Role of lifestyle interventions to reduce T2D
There is evidence from observational studies that an active lifestyle (including increase in physical activity time and reduction in sedentary time) is associated with weight loss, improved glucose tolerance and lower risk of progression to T2D in women with a history of GDM [
18,
19]. The Diabetes Prevention Programme showed, with a randomised controlled trial (RCT) design, that intensive lifestyle interventions reduced the risk of incident T2D in adults with impaired glucose tolerance (IGT) by around 40–60% [
20,
21] and, in a subgroup of women with a history of GDM, by 53% and 35% over three and ten years, respectively, compared to standard care [
22,
23]. Other trials have shown decreases in rates of pre-diabetes, weight, waist circumference and lipid levels [
24‐
26]. Interestingly, treatment with metformin has been shown to confer no additional benefit to lifestyle interventions, presumably due to adherence issues and less weight loss in the first year of treatment when compared to the latter [
22].
However, there are several barriers to lifestyle interventions in postpartum women with recent GDM, including lack of time, balancing work and family demands, and lack of childcare [
27,
28]. Recently, a web-based lifestyle intervention program in 75 women in Boston, USA was deemed to be feasible and associated with significant weight reduction (3.3 kg below the control group) and higher likelihood of being below pre-pregnancy weight at 12 months postpartum [
29]. The program particularly recommended gradually increasing physical activity to 150 min per week, including resistance training and making healthier dietary choices.

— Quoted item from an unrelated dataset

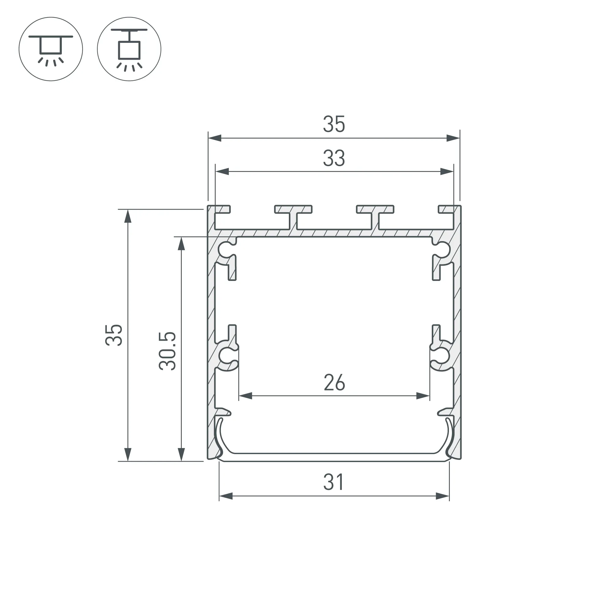 Алюминиевый анодированный профиль для светодиодных лент и линеек. Габаритные размеры (L×W×H): 2500x35x35,5 мм. Ширина площадки для ленты 26 мм. Экраны, заглушки и другие аксессуары приобретаются отдельно. Цена за 1 метр.

While most of the abovementioned trials have suggested that a combination of exercise, healthy diet and weight loss or weight maintenance protects against diabetes in postpartum women, there is a lack of evidence about the independent effect of physical activity in reducing progression from GDM to T2D, particularly in high-risk populations such as minority ethnic groups. Indeed, in observational series, increase in moderate to vigorous physical activity, independent of body mass index (BMI), was associated with reduction in the risk of T2D in women after pregnancy [
18]. Among non-pregnant adults, every 2000 step per day change from baseline to 12 months is associated with an additional 8% decrease in the cardiovascular event rate [
30].
The ongoing and completed intervention programmes for women with a history of GDM have been conducted largely in women of white American, Australian or European background [
19,
23,
31,
32] and black, Hispanic and mixed minority American [
24,
33‐
35]. Therefore, there is a paucity of information about the feasibility and effectiveness of similar programmes for women in the UK, particularly in those of South Asian ethnicity. It is known that up to one in five South Asian adults globally have T2D and the diagnosis is 4–5 times more common in South Asian adults in the UK, compared to a white reference group [
36,
37].
Our study will therefore be novel in developing and testing an intervention that meets the cultural and social needs of women in a catchment area in that has a large multi-ethnic population (estimated to constitute 25–60% of the women diagnosed with GDM in the two research sites).